- Bleary Location within County Down
- Population: 1,009 (estimate based on 2011 census)
- Irish grid reference: J073540
- • Belfast: 24 mi (39 km)
- District: Armagh City, Banbridge and Craigavon;
- County: County Down;
- Country: Northern Ireland
- Sovereign state: United Kingdom
- Post town: CRAIGAVON
- Postcode district: BT63 BT66
- Dialling code: 028
- UK Parliament: Upper Bann;
- NI Assembly: Upper Bann;
- Website: www.craigavon.gov.uk

= Bleary =

Village in County Down, Northern Ireland

Bleary (likely ) is a small village and townland in County Down, Northern Ireland. It is near the County Armagh border and the settlements of Craigavon, Lurgan and Portadown. In the 2011 Census its population was counted as part of Craigavon. It lies within the Armagh City, Banbridge and Craigavon area.

==History==

===The Troubles===

- 18 June 1972 - Three British soldiers (Arthur McMillan (aged 37), Ian Mutch (aged 31) and Colin Leslie (aged 26)) were killed in an IRA booby-trap bomb attack. The bomb had been left in a derelict house in Bleary.
- 27 April 1975 - Loyalists shot dead three people in Bleary Darts Club. See Bleary Darts Club shooting
- 28 October 1993 - The UVF shot dead two Catholic brothers (Gerrard Cairns, 22, and Rory Cairns, 18) at their home in front of their eleven-year-old sister in Bleary, County Down.

== Education ==
- Bleary Primary School

==Demography==
===2011 Census===
On Census day (27 March 2011) there were 1,009 people living in Bleary.
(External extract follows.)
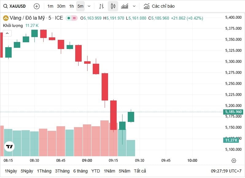 Thời điểm 9h30 theo giờ Việt Nam, giá vàng thế giới giao ngay ở mức 5.179 USD/ounce, giảm 346 USD trong 24 giờ qua. Hiện, giá vàng thế giới quy đổi sang tiền Việt Nam đồng có giá là 163,4 triệu đồng/lượng.

- 51.5% belong to or were brought up in a 'Protestant and Other Christian (including Christian related)' religion and 40.6% belong to or were brought up in the Catholic religion.
- 53.6% indicated that they had a British national identity, 20.4% had an Irish national identity, and 32.4% had a Northern Irish national identity.

There were 4,081 people living in the Bleary ward.

- 73.1% belong to or were brought up in a 'Protestant and Other Christian (including Christian related)' religion and 19.9% belong to or were brought up in the Catholic religion.
- 70.65% indicated that they had a British national identity, 11.43% had an Irish national identity, and 27.17% had a Northern Irish national identity.